Le chiffre de Vigenère est en fait un chiffre amélioré de César qui, au lieu de décaler toutes les lettres d'une valeur entière constante, les fait décaler selon une valeur variable qui dépend de la clé .

D'après notre exemple, la 6ème lettre du message est "O". La position de "O" dans l'alphabet est la 15ème place. La lettre qui correspond à "O" dans la clef est la lettre R qui a pour position dans l'alphabet la 18ème place. Donc on fait le calcul : [(15 + 18 - 2) modulo 26] + 1 = 6. La sixième lettre de l'alphabet est le F donc le O associé au R de la clef sera crypté par la lettre F. Une différence énorme comparé à la méthode de César serait le fait que plusieurs lettres identiques sont cryptés par des lettres différentes. Le cryptosystème par substitution polyalphabétique se trouve être donc à l'époque une valeur sûre comme moyen de cryptage si l'on ne possède pas la clé.

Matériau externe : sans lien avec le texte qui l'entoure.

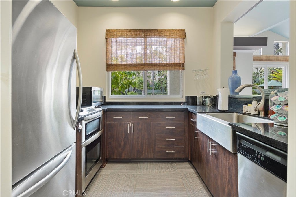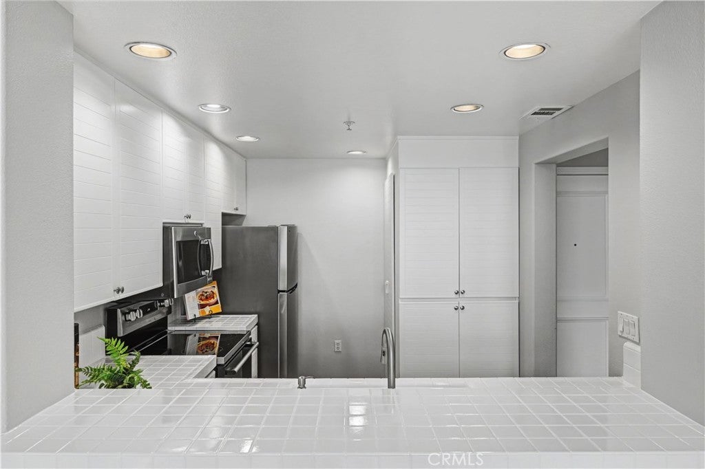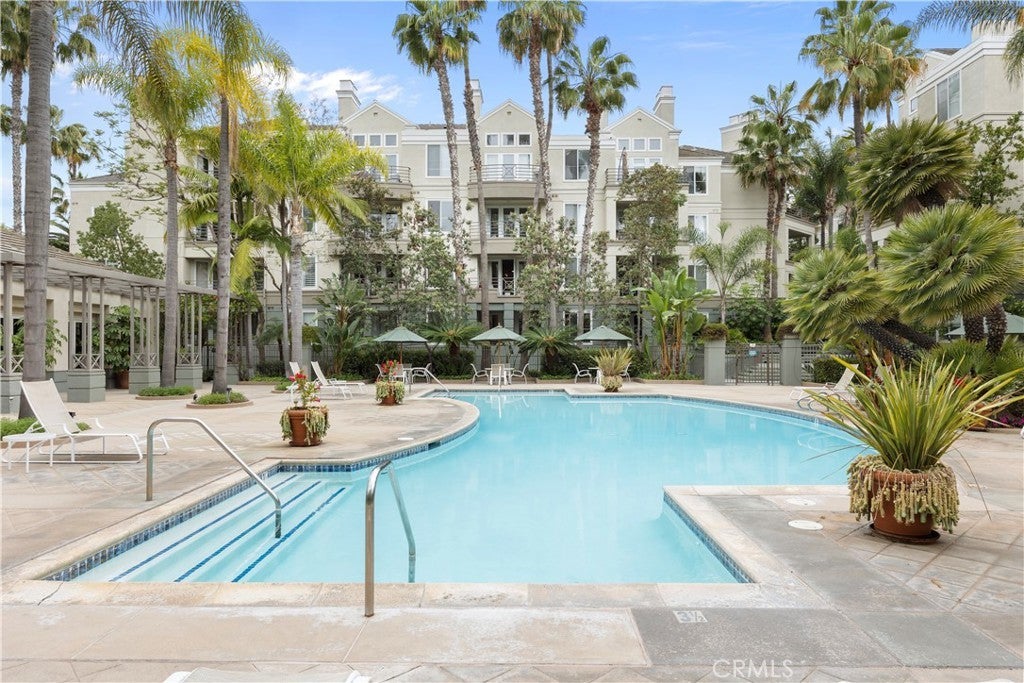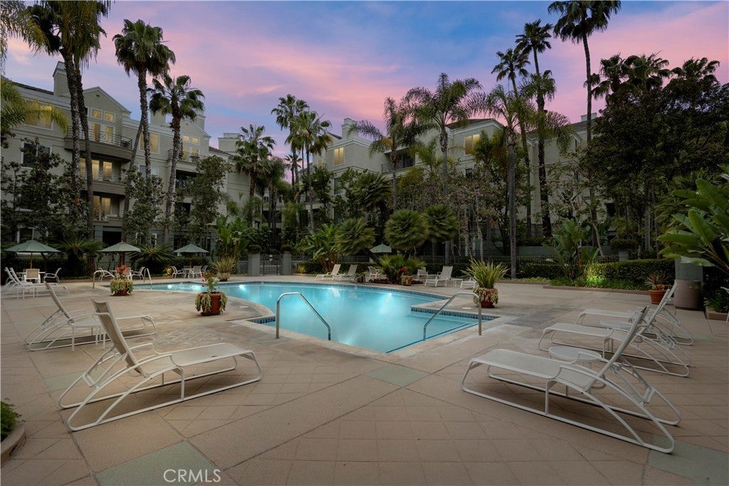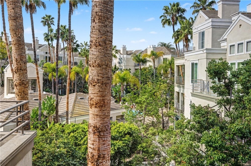 Situated within the guard-gated Metropolitan Community of Irvine, this rare third-level, top-floor penthouse residence with no unit above offers a low-maintenance lifestyle with resort-style amenities and gated security. The elevated location allows for vaulted ceilings and abundant natural light throughout. Community features include a clubhouse, fitness center, pool, and spa, while HOA dues cover water, trash, and gas for added convenience. The light-filled, open floor plan features two bedrooms and two bathrooms, enhanced by fresh interior paint and updated fixtures throughout. A flexible office or den near the entry provides versatile use and may serve as a guest bedroom or dining area. The kitchen opens to the living area and includes stainless steel appliances and an in-unit laundry closet with stackable washer and dryer. A private balcony extends the living space and offers peaceful outdoor enjoyment with views of palm trees, blue skies, city lights, and a peek-a-boo pool view. The primary suite features vaulted ceilings, generous closet space, and an en suite bathroom with dual-sink vanity, soaking tub, and separate shower with updated faucets and fixtures. The secondary bedroom is well-sized and located near the hall bathroom, offering comfort and privacy for guests or additional occupants. Additional highlights include two assigned subterranean parking spaces. Conveniently located near major freeways, John Wayne Airport, South Coast Plaza, Fashion Island, Newport Beach, and Irvine’s premier dining, shopping, and employment centers, this penthouse is a rare lease opportunity within the Metropolitan gated community of Irvine.

Le principal avantage qu'apporte le chiffre de Vigenère est qu'une même lettre pourra être chiffrée de différentes façons. Si on reprend l'exemple utilisé précedemment, on remarque que le "R" a été crypté en deux lettres différentes : le "Y" et le "T". Vigenère invente ainsi un chiffre reprenant le principe de la substitution polyalphabétique.